However, the following lower bound implies that such an optimization goal cannot be attained under the costraints of  truthfulness, budget feasibility, and individional rationallity.

\begin{lemma}
For any $M>1$, there is no $M$-approximate, truthful, budget feasible, individionally rational mechanism for a budget feasible reverse auction with value fuction $V(S) = \det{\T{X_S}X_S}$.
\end{lemma}
\begin{proof}
\input{proof_of_lower_bound1}
\end{proof}

This negative result motivates us to study a problem with a modified objective:
\begin{center}
\textsc{ExperimentalDesign} (EDP)
\begin{subequations}
\begin{align}
\text{Maximize}\quad V(S) &= \log\det(I_d+\T{X_S}X_S) \label{modified} \\
\text{subject to}\quad \sum_{i\in S} c_i&\leq B
\end{align}\label{edp}
\end{subequations}
\end{center} where $I_d\in \reals^{d\times d}$ is the identity matrix.
One possible interpretation of \eqref{modified} is that, prior to the auction, the experimenter has free access to $d$ experiments whose features form an orthonormal basis in $\reals^d$. However, \eqref{modified} can also be motivated in the context of \emph{Bayesian experimental design} \cite{chaloner1995bayesian}. In short, the objective \eqref{modified} arises naturally when the experimenter retrieves the model $\beta$ through \emph{ridge regression}, rather than the linear regression \eqref{leastsquares} over the observed data; we explore this connection in Section~\ref{sec:bed}. 
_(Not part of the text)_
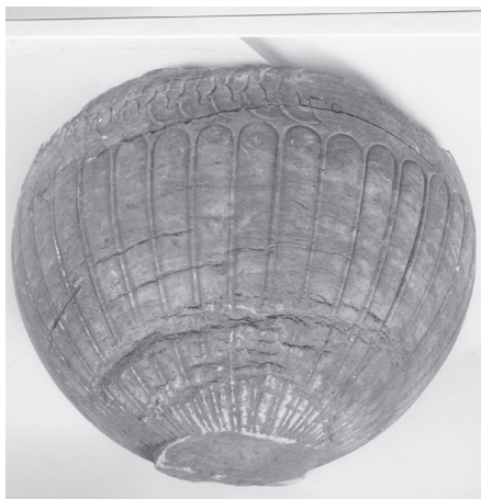
Εικ. 3. Ο μαρμάρινος λέβης.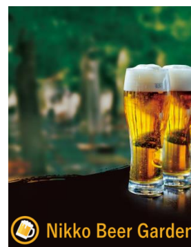
△ 「Nikko Beer Garden」（メインビジュアル）

Note that maximizing \eqref{modified} is equivalent to maximizing \eqref{dcrit} in the full-information case. In particular, $\det(\T{X_S}X_S)> \det(\T{X_{S'}}X_{S'})$ iff $\det(I_d+\T{X_S}X_S)>\det(I_d+\T{X_{S'}}X_{S'})$. In addition, \eqref{edp} (and the equivalent problem with objective \eqref{dcrit}) are NP-hard; to see this, note that \textsc{Knapsack} reduces to EDP with dimension $d=1$ by mapping the weight of each item $w_i$ to an experiment with $x_i=w_i$. Nevertheless, \eqref{modified} is submodular, monotone and satifies $V(\emptyset) = 0$, allowing us to use the extensive machinery for the optimization of submodular functions, as well as recent results in the context of budget feasible auctions \cite{chen,singer-mechanisms}. 



\begin{comment}
\subsection{Experimental Design}



In the context of experimental design, an \emph{experiment} is a random variable $E$ sampled from a distribution $P_\beta$, where $\beta\in \Omega$ is an unknown parameter. An experimenter wishes to learn parameter $\beta$, and can chose among a set of possible different experiments, all of which have distributions parametrized by the same $\beta$. 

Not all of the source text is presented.